LOS PILARES DE LA TIERRA – PRIMERAS IMPRESIONES.

La larga, exitosa y aclamada novela Los pilares de la Tierra de Ken Follet (que no he leído) ha sido lujosamente adaptada por la incipiente cadena Starz, que a base de talonario, cazar buenos talentos y arriesgarse pretende hacerse un hueco en la televisión para espectadores exigentes. Su mayor éxito es la raruna Spartacus, pero en su haber tiene otras bastante prometedoras como Party Down (de Rob Thomas, el de Veronica Mars), Gravity o Crash (basada en la película, pero pasó sin pena ni gloria).

Los pilares de la Tierra es el máximo ejemplo de esa línea: alto presupuesto para no escatimar en medios a la hora de la realización, un reparto espectacular y un acertado interés por hacer las cosas a lo grande pero con cuidado. El resultado a primera vista destaca rápidamente por su impecable y espectacular ambientación, llena de hermosos paisajes, decorados enormes y detallistas y un vestuario magnífico, pero en el aspecto narrativo siento una ligera decepción, donde debo decir que se debe a que no han alcanzado el nivel de excelente, no porque se acerce a la mediocricad. Estamos hablando de una miniserie de calidad y que en conjunto podría ser digna de ser recordada, no de las cutres tontadas a las que estamos acostumbrados a ver en Tele 5 y Antena 3, pero en su inicio se presentan algunos aspectos bastante mejorables.

El primero es que la narración vuela. No sé si es resultado de tratar de impactar en el primer episodio (el segundo se tranquiliza un poco) o porque a pesar de contar con ocho partes no les cabe toda la novela, pero los acontecimientos se suceden a toda prisa a través de escenas breves enlazadas a veces con demasiada ligereza (algunas quedan cojas o demasiado simples aunque parezcan o a la larga sean importantes). Los personajes están bien trabajados, sobre todo en un aspecto complicado, el de presentarlos rápidamente y que no nos perdamos con el quién y el dónde (y hay bastantes dóndes: el constructor y familia, los nobles y condes, el rey y la corte, los religiosos…), pero sus relaciones necesitan también un poco más de estabilidad y coherencia, que algunas cosas (como la nueva relación del constructor) chirrían muchísimo.

La puesta en escena también peca de ofrecer algo precipitado, apresurado. El montaje es excesivamente frenético para una serie de conspiraciones y diálogos. No pocas escenas limitadas a dos personajes hablando me han sacado de contexto por el empeño en cambiar de rostro cada tres segundos, y otras, como las batallas, necesitan más planificación.
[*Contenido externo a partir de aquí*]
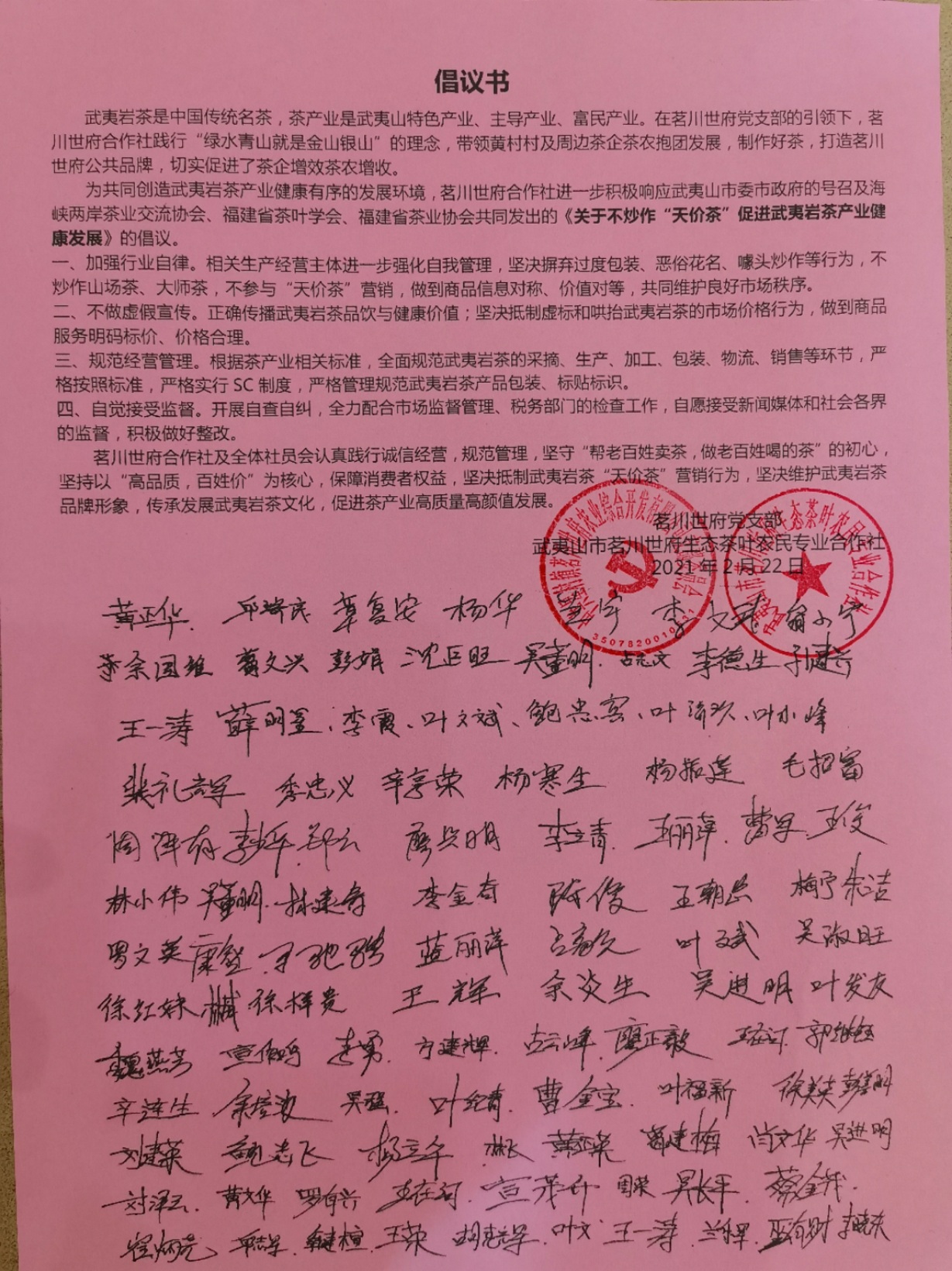武夷山茶业同业公会发出公开信,并组织26家“天价茶”榜单上的茶企负责人签署倡议书,带头抵制“天价茶”乱象。海峡两岸茶业交流协会、福建省茶叶学会和福建省茶业协会则共同发出倡议书,呼吁加强行业自律,规范经营管理,进一步促进武夷岩茶市场的健康稳定有序发展,更好地维护福建茶产业的整体形象。

Es una pena que por no currarse mejor el montaje se afee ligeramente una serie que gracias a su ambientación podía ser visualmente impresionante.

En cuanto al reparto, a figuras de peso y calidad contrastada como Donald Sutherland (bastante secundario pero de imponente presencia), Ian McShane (con un carácter parecido al mítico Al Swearengen) y Rufus Sewell (Dark City) se añaden otros no tan conocidos, entre los que destacaría al que por ahora me ha sorprendido más: un acertadísimo Matthew Macfadyen. La producción está respaldada por los hermanos Scott, otros que han visto en la televisión un medio para contar grandes historias que no caben el cine.

Son ocho episodios y en la presentación se han emitido dos, así que tienen seis para centrarse y pulir los pequeños errores. No sé si lo conseguirán, porque lo lógico es que la miniserie guarde en conjunto el mismo estilo narrativo, pero espero que sí, porque en esas mejoras está latente el salto entre lo bueno y lo memorable. Sea como sea, estoy seguro de que malas sensaciones no dejará.